CVE-2022-35986 is a medium-severity vulnerability affecting multiple versions of TensorFlow, an open-source machine learning platform widely used in research, development, and production environments. The vulnerability arises from improper input validation (CWE-20) in the TensorFlow operation `RaggedBincount`. Specifically, when the `splits` input tensor is empty, the function triggers a segmentation fault (segfault), causing the TensorFlow process to crash. This behavior can be exploited to cause a denial of service (DoS) condition by crashing applications or services that rely on TensorFlow for machine learning tasks. The issue affects TensorFlow versions prior to 2.7.2, versions 2.8.0 up to but not including 2.8.1, and versions 2.9.0 up to but not including 2.9.1. The vulnerability was patched in commit 7a4591fd4f065f4fa903593bc39b2f79530a74b8, with fixes backported to supported versions 2.7.2, 2.8.1, and 2.9.1. There are no known workarounds, and no exploits have been observed in the wild to date. The vulnerability requires an attacker to supply a crafted input tensor to the vulnerable function, which may require some level of access to the machine learning pipeline or API endpoints that accept user input for TensorFlow processing. The impact is limited to denial of service through process crashes, with no direct evidence of code execution or data corruption. However, the disruption of machine learning services can have significant operational consequences, especially in environments where TensorFlow is integrated into critical workflows.

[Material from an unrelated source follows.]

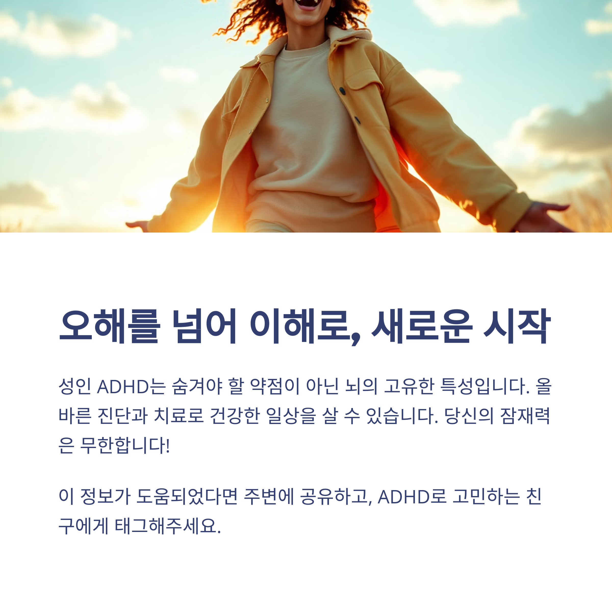 당신의 잠재력은 무한합니다. ADHD는 그 잠재력을 발휘하는 '방법'이 조금 다른 것뿐입니다. 당신의 새로운 시작을 진심으로 응원합니다.

For European organizations, the primary impact of CVE-2022-35986 is the potential disruption of machine learning services that rely on vulnerable TensorFlow versions. This can affect sectors such as finance, healthcare, automotive, manufacturing, and research institutions where TensorFlow is used for predictive analytics, automated decision-making, or AI-driven applications. A denial of service caused by this vulnerability could lead to downtime, loss of productivity, delayed processing of critical data, and potential cascading effects on dependent systems. While the vulnerability does not directly compromise confidentiality or integrity, the availability impact can be significant in time-sensitive or safety-critical applications. Organizations using TensorFlow in exposed environments—such as public-facing APIs, cloud-based ML services, or shared platforms—are at higher risk. The lack of known exploits reduces immediate threat levels, but the ease of triggering a crash with crafted input means that attackers with access to input channels could disrupt services. Given the increasing reliance on AI and ML in European digital infrastructure, this vulnerability underscores the importance of timely patching and input validation controls.

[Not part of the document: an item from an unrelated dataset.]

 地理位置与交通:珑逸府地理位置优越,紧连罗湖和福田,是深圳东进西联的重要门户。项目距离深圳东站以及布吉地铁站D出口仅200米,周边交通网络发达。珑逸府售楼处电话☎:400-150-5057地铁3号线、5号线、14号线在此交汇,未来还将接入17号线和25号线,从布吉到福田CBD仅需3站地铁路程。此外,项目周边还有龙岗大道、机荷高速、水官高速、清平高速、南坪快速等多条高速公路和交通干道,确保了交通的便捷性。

1. Upgrade TensorFlow to the latest patched versions: 2.7.2, 2.8.1, 2.9.1, or later, as these contain the fix for this vulnerability. 2. Implement strict input validation and sanitization at the application layer before passing data to TensorFlow operations, especially for user-supplied or external inputs that may affect the `RaggedBincount` function. 3. Employ runtime monitoring and anomaly detection to identify unexpected crashes or service disruptions related to TensorFlow processes. 4. Isolate TensorFlow workloads in containerized or sandboxed environments to limit the blast radius of potential crashes. 5. For organizations exposing ML inference APIs, enforce authentication and authorization to restrict access to trusted users and systems, reducing the risk of malicious input triggering the DoS. 6. Maintain robust logging and alerting mechanisms to detect repeated or suspicious input patterns that could indicate exploitation attempts. 7. Coordinate patch management with development and operations teams to ensure rapid deployment of fixes across all affected environments. 8. Consider fallback or redundancy mechanisms for critical ML services to maintain availability during patching or incident response.